§ Task requirements
Extract the text of each entry below exactly, leaving every image behind.

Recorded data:
=====

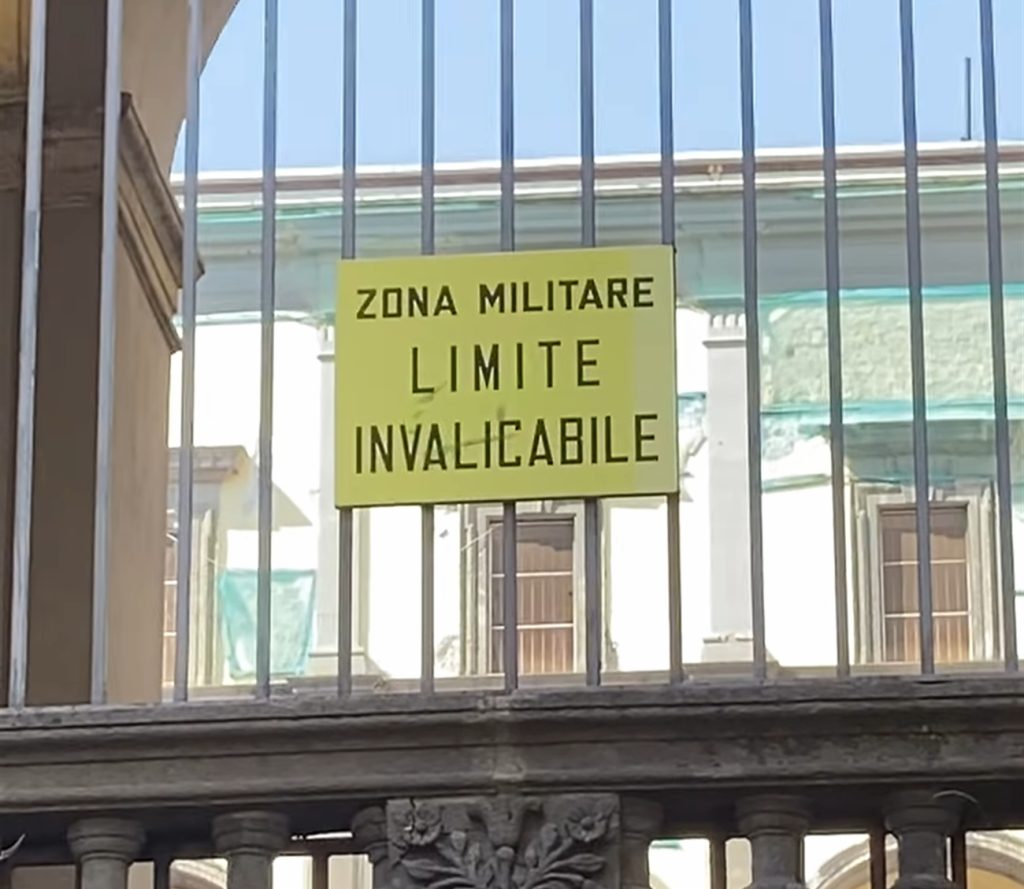 Quell’ingresso del Chiostro di Monteoliveto è ‘zona militare’ infatti parte del complesso cinquecentesco è in dotazione ai carabinieri della caserma Pastrengo.
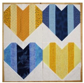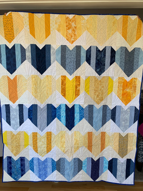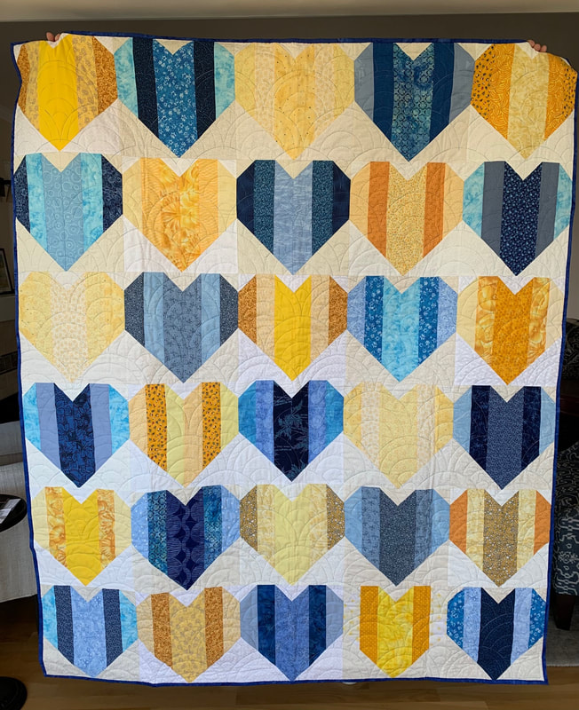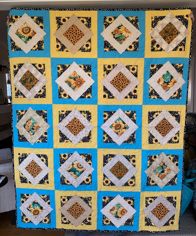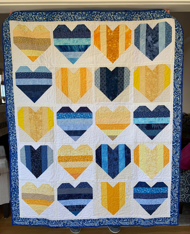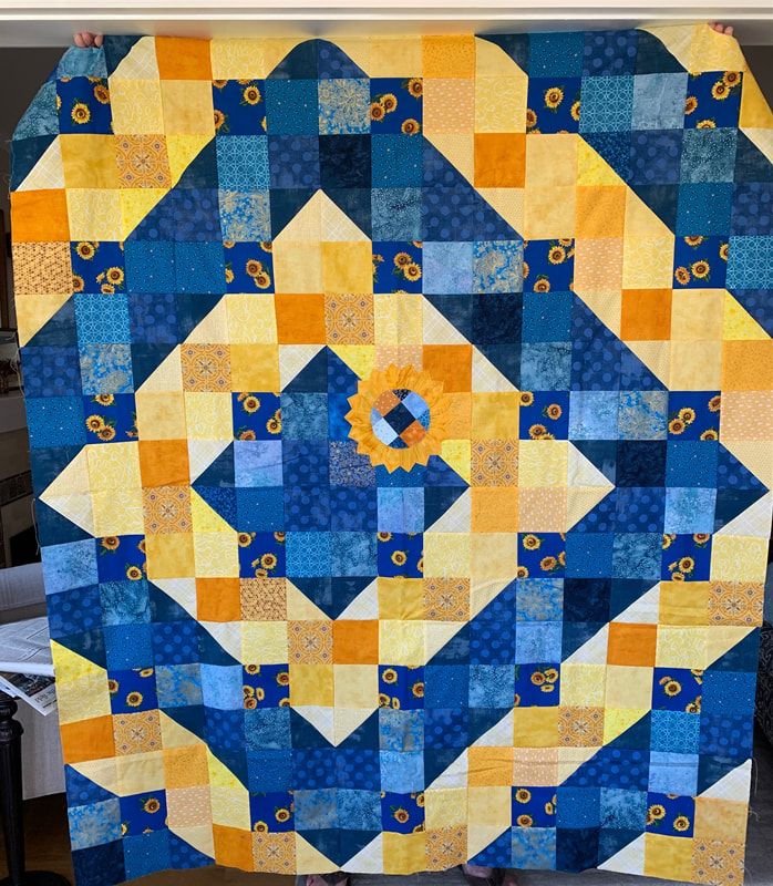 In 2023 our projects for Ukraine included Heart blocks, made in either blue or yellow, and a white or off-white background (12" finished), and blocks made using the "Boxed In" pattern (available at no charge online) using sunflower fabric, creating eight quilts. We delivered eighteen quilts to Wrap the World in Quilts, and seven of the quilts made with Perkiomen blocks were donated to organizations to assist the refugees in Poland.
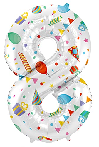 Folat 64178 ballong födelsedag siffra 8 glad fest vit med gåvor och dekoration 86 cm heliumdekoration födelsedagsdekoration, ballong nummer, färgglad
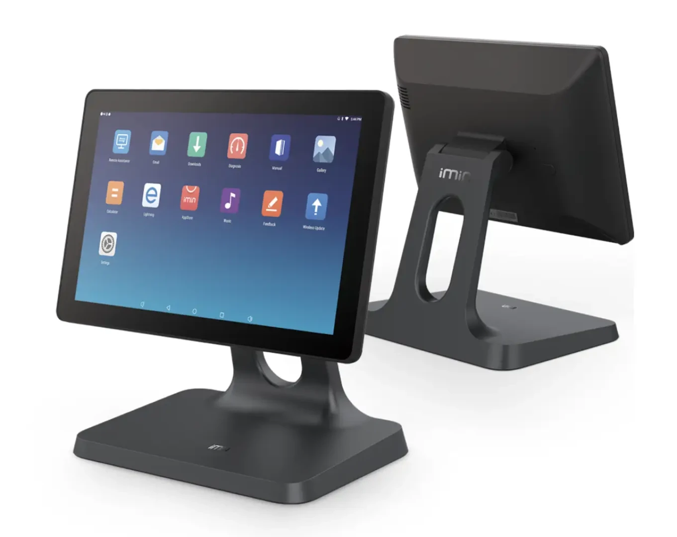 Az iMin D2 POS kijelző a legjobb választás az olyan vendéglátó- és kiskereskedelmi helyeknek, melyek egy megbízható és elegáns, kisebb helyigényű eszközt keresnek. Karcsú kialakításával tökéletesen illeszkedik a pultra, mindemellett ellátja egy nagyobb készülék összes funkcióját is. Masszív szürke-alumínium ötvözet alapja stabilitást és tartósságot biztosít. A többszögű forgatható csuklópánt lehetővé teszi a képernyő akár 105 fokos függőleges megdöntését is. Az állvány átgondolt hátsó kábelkivezetésének köszönhetően rendezett munkafelületet biztosít.
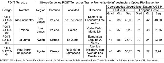 1. Autorízase a la concesionaria para instalar, operar y explotar infraestructura física para telecomunicaciones en las regiones de Los Ríos, de Los Lagos, de Aysén del General Carlos Ibáñez del Campo y de Magallanes y de la Antártica Chilena, correspondiente a los POIIT y TRIOT Terrestres, Puntos de Terminación y Puntos de Derivación para los Tramos Fronterizos de Infraestructura Óptica que se individualizan a continuación, así como los equipos, componentes y elementos que permiten la provisión del Servicio de Infraestructura, con los cuales, además, se deberá cumplir con la obligación de Servicio Preferente, todos ellos objeto del Concurso "Fibra Óptica en Complejos Fronterizos", Código: FDT-2020-01, de acuerdo con lo exigido en las Bases del Concurso y el Proyecto adjudicado, todos indicados en los literales g), h), i), j), k) y l) de los Vistos, respectivamente, y lo solicitado por la concesionaria mediante los ingresos Subtel del literal a) de los Considerando. En específico y para cada uno de los Tramos Fronterizos de Infraestructura Óptica, se autoriza la provisión de ocho (8) Canales Ópticos Terrestres, uno (1) de ellos destinado a la implementación de un Canal Óptico Exclusivo para la Operación de Infraestructura de Telecomunicaciones (COEOIT), en los términos requeridos en las Bases Específicas y lo declarado en el Proyecto correspondiente.
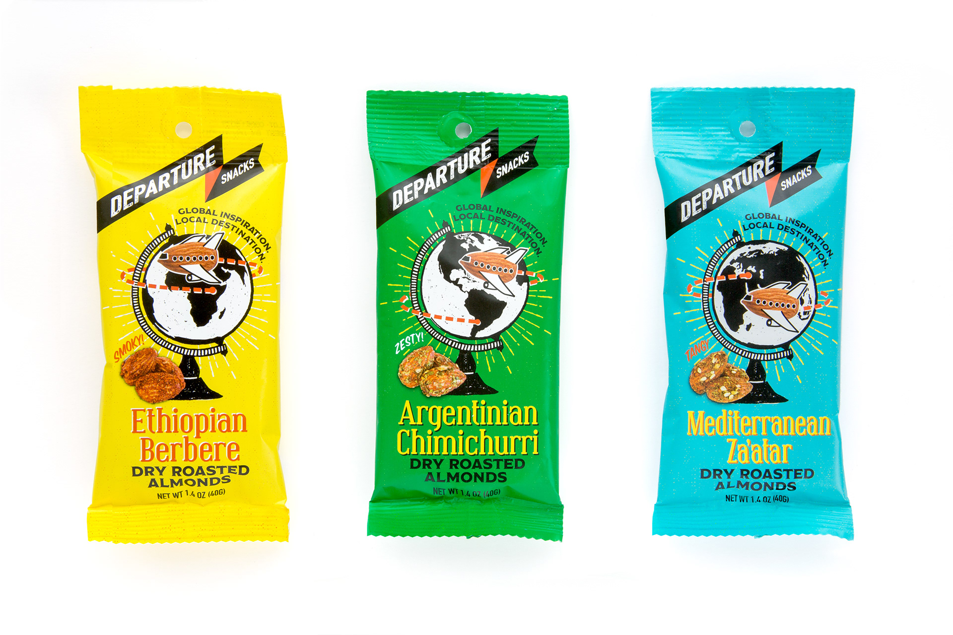 Logo and packaging for a line of healthy, globally inspired snacks that allow you to travel the globe through your taste buds.
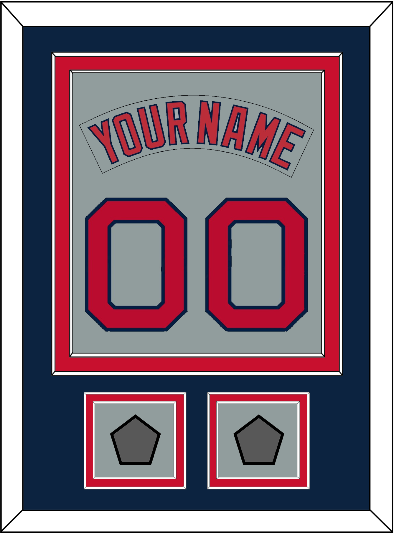 Boston Road Gray Jersey (1992 Through 2008) Nameplate & Number (From The Back Of The Jersey) With World Series Champions Patches; 2004 & 2007, 2007 & 2013, Or 2013 & 2018. Double Mat Cut: Blue Mat Over A Red Mat. Gray Nameplate, Red Number & Patches Mounted On A Gray Mat. White Or Black Frame.
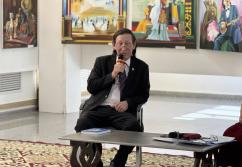 Сахна төріне шығып, елге сәлем берген өнер иесі өзінің «Тамшы» кітабынан өлең оқып, суретшілік өнердің қыр-сыры туралы әңгімелей келе, Мысыр елінен Әбу Нәсір әл-Фарабидің музыкалық аспаптарының көшірмесін елге жеткізгені туралы айтып өтті.
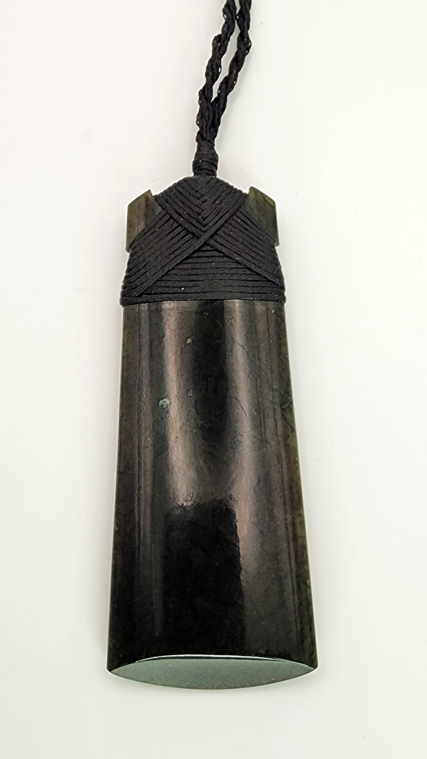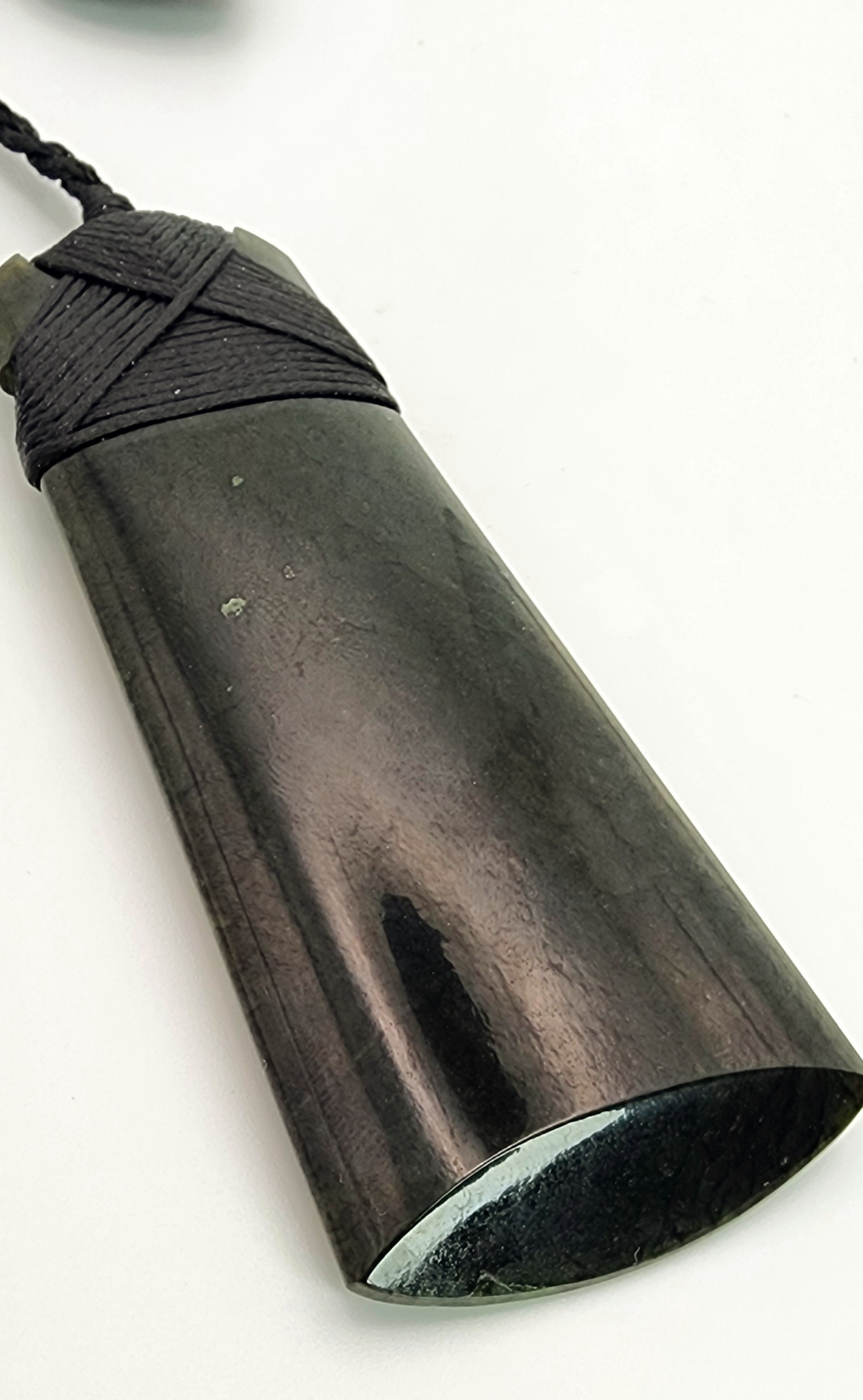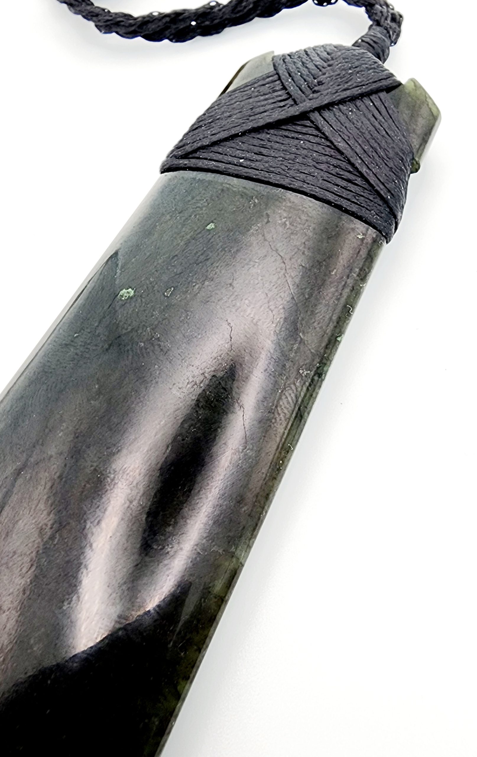 Genuine New Zealand Pounamu (Greenstone), sourced and hand carved in Aotearoa (New Zealand). Pounamu is of great cultural significance for M?ori and is believed to enhance mana (prestige) of its possessor. The toki comes with traditional binding and adjustable cord.
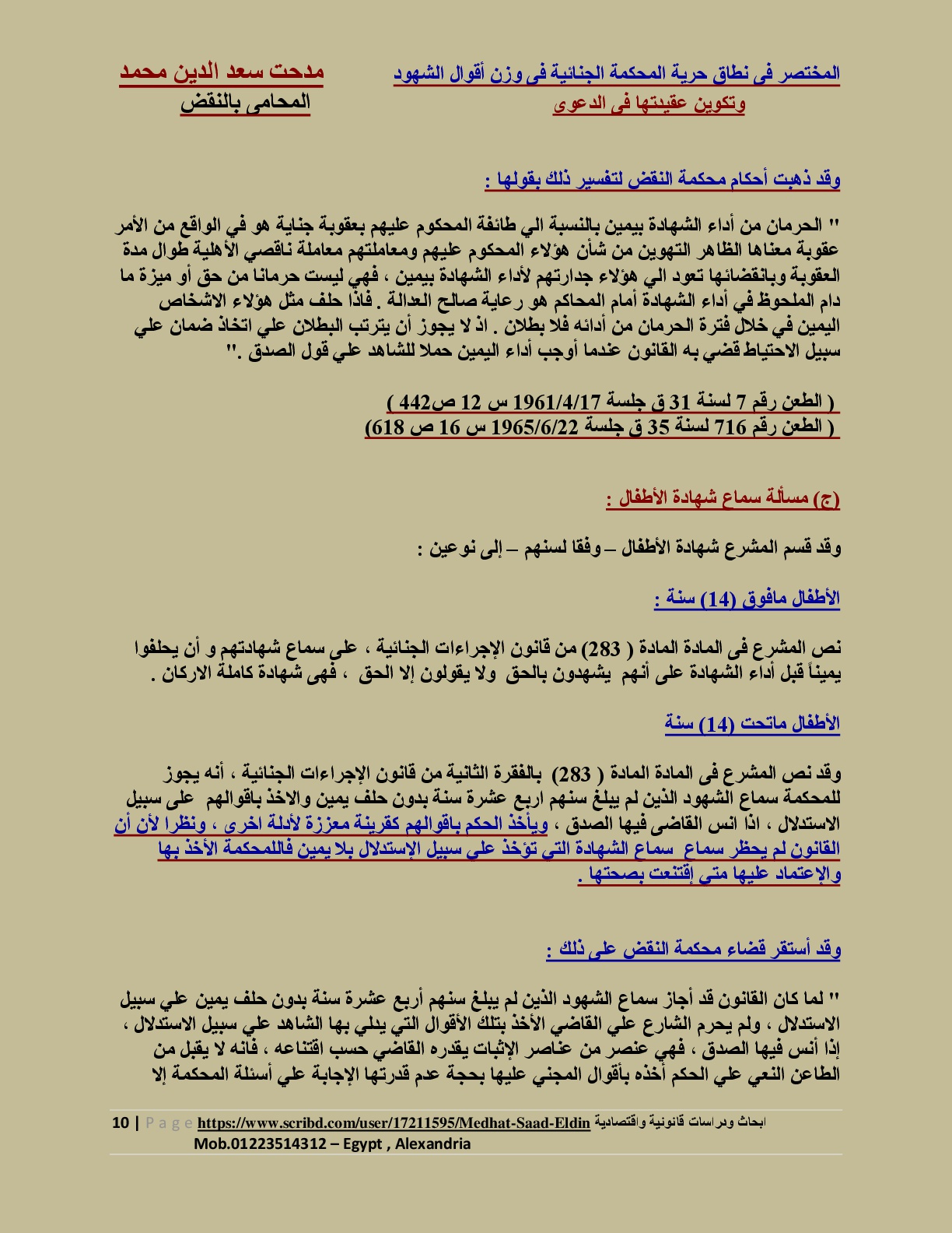 حقوق الشاهد شهادة الشهود إن شهادة الشهود تخضع إلى مبدأ القناعة الوجداني ة للقاضي وللقاضي.

=====

§ Result of the task
 Quell’ingresso del Chiostro di Monteoliveto è ‘zona militare’ infatti parte del complesso cinquecentesco è in dotazione ai carabinieri della caserma Pastrengo.
 In 2023 our projects for Ukraine included Heart blocks, made in either blue or yellow, and a white or off-white background (12" finished), and blocks made using the "Boxed In" pattern (available at no charge online) using sunflower fabric, creating eight quilts. We delivered eighteen quilts to Wrap the World in Quilts, and seven of the quilts made with Perkiomen blocks were donated to organizations to assist the refugees in Poland.
 Folat 64178 ballong födelsedag siffra 8 glad fest vit med gåvor och dekoration 86 cm heliumdekoration födelsedagsdekoration, ballong nummer, färgglad
 Az iMin D2 POS kijelző a legjobb választás az olyan vendéglátó- és kiskereskedelmi helyeknek, melyek egy megbízható és elegáns, kisebb helyigényű eszközt keresnek. Karcsú kialakításával tökéletesen illeszkedik a pultra, mindemellett ellátja egy nagyobb készülék összes funkcióját is. Masszív szürke-alumínium ötvözet alapja stabilitást és tartósságot biztosít. A többszögű forgatható csuklópánt lehetővé teszi a képernyő akár 105 fokos függőleges megdöntését is. Az állvány átgondolt hátsó kábelkivezetésének köszönhetően rendezett munkafelületet biztosít.
 1. Autorízase a la concesionaria para instalar, operar y explotar infraestructura física para telecomunicaciones en las regiones de Los Ríos, de Los Lagos, de Aysén del General Carlos Ibáñez del Campo y de Magallanes y de la Antártica Chilena, correspondiente a los POIIT y TRIOT Terrestres, Puntos de Terminación y Puntos de Derivación para los Tramos Fronterizos de Infraestructura Óptica que se individualizan a continuación, así como los equipos, componentes y elementos que permiten la provisión del Servicio de Infraestructura, con los cuales, además, se deberá cumplir con la obligación de Servicio Preferente, todos ellos objeto del Concurso "Fibra Óptica en Complejos Fronterizos", Código: FDT-2020-01, de acuerdo con lo exigido en las Bases del Concurso y el Proyecto adjudicado, todos indicados en los literales g), h), i), j), k) y l) de los Vistos, respectivamente, y lo solicitado por la concesionaria mediante los ingresos Subtel del literal a) de los Considerando. En específico y para cada uno de los Tramos Fronterizos de Infraestructura Óptica, se autoriza la provisión de ocho (8) Canales Ópticos Terrestres, uno (1) de ellos destinado a la implementación de un Canal Óptico Exclusivo para la Operación de Infraestructura de Telecomunicaciones (COEOIT), en los términos requeridos en las Bases Específicas y lo declarado en el Proyecto correspondiente.
 Logo and packaging for a line of healthy, globally inspired snacks that allow you to travel the globe through your taste buds.
 Boston Road Gray Jersey (1992 Through 2008) Nameplate & Number (From The Back Of The Jersey) With World Series Champions Patches; 2004 & 2007, 2007 & 2013, Or 2013 & 2018. Double Mat Cut: Blue Mat Over A Red Mat. Gray Nameplate, Red Number & Patches Mounted On A Gray Mat. White Or Black Frame.
 Сахна төріне шығып, елге сәлем берген өнер иесі өзінің «Тамшы» кітабынан өлең оқып, суретшілік өнердің қыр-сыры туралы әңгімелей келе, Мысыр елінен Әбу Нәсір әл-Фарабидің музыкалық аспаптарының көшірмесін елге жеткізгені туралы айтып өтті.
 Genuine New Zealand Pounamu (Greenstone), sourced and hand carved in Aotearoa (New Zealand). Pounamu is of great cultural significance for M?ori and is believed to enhance mana (prestige) of its possessor. The toki comes with traditional binding and adjustable cord.
 حقوق الشاهد شهادة الشهود إن شهادة الشهود تخضع إلى مبدأ القناعة الوجداني ة للقاضي وللقاضي.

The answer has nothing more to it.